Thu Sep 2 09:21:36 PDT 2010

On Thursday, September 02, 2010, Andreas Dilger wrote:
> On 2010-09-02, at 06:43, Tina Friedrich wrote:
> > Causing most grieve at the moment is that we sometimes see delays
> > writing files. From the writing clients end, it simply looks as if I/O
> > stops for a while (we've seen 'pauses' of anything up to 10 seconds).
> > This appears to be independent of what client does the writing, and
> > software doing the writing. We investigated this a bit using strace and
> > dd; the 'slow' calls appear to always be either open, write, or close
> > calls. Usually, these take well below 0.001s; in around 0.5% or 1% of
> > cases, they take up to multiple seconds. It does not seem to be
> > associated with any specific OST, OSS, client or anything; there is
> > nothing in any log files or any exceptional load on MDS or OSS or any of
> > the clients.
> 
> This is most likely associated with delays in committing the journal on the
> MDT or OST, which can happen if the journal fills completely.  Having
> larger journals can help, if you have enough RAM to keep them all in
> memory and not overflow.  Alternately, if you make the journals small it
> will limit the latency, at the cost of reducing overall performance.  A
> third alternative might be to use SSDs for the journal devices.

As diamond uses DDN hardware, it should help in general with performance to 
update to 1.8 and to enable the async journal feature. I guess it also might 
help to reduce those delays, as writes are more optimized.

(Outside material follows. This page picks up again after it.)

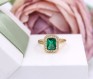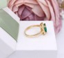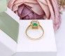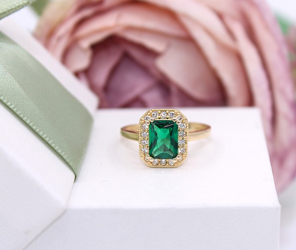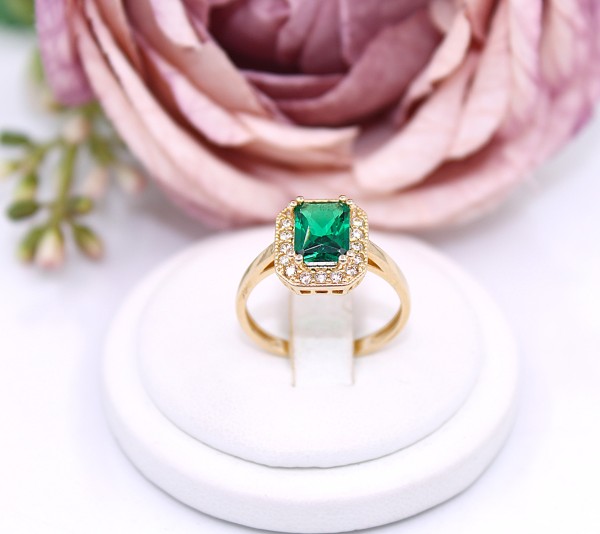 Przedmiotem sprzedaży jest pierścionek wykonany z 14-karatowego (p.585), żółtego złota z zielonym kamieniem i cyrkoniami.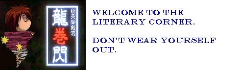Yo! You've reached the Literary Corner, the home of the non-anime related writings of the five of us. These literary works can include poems, short stories, or... other stuff. We're also accepting contributions of your original work. Just send whatever you got to the e-mail address at the bottom of the page and we'll read your work and hopefully post it here. On to the writings!

A question, though. Tina, do you use our ddn udev rules, which tune the 
devices for optimized performance? If not, please send a mail to 
support at ddn.com and ask for a recent udev rpm please (available for RHEL5 only 
so far, also *might* work on SLES11, but udev syntax changes to often, IMHO). 
And put [lustre] into the subject line please, as the lustre team maintains 
them.

Cheers,
Bernd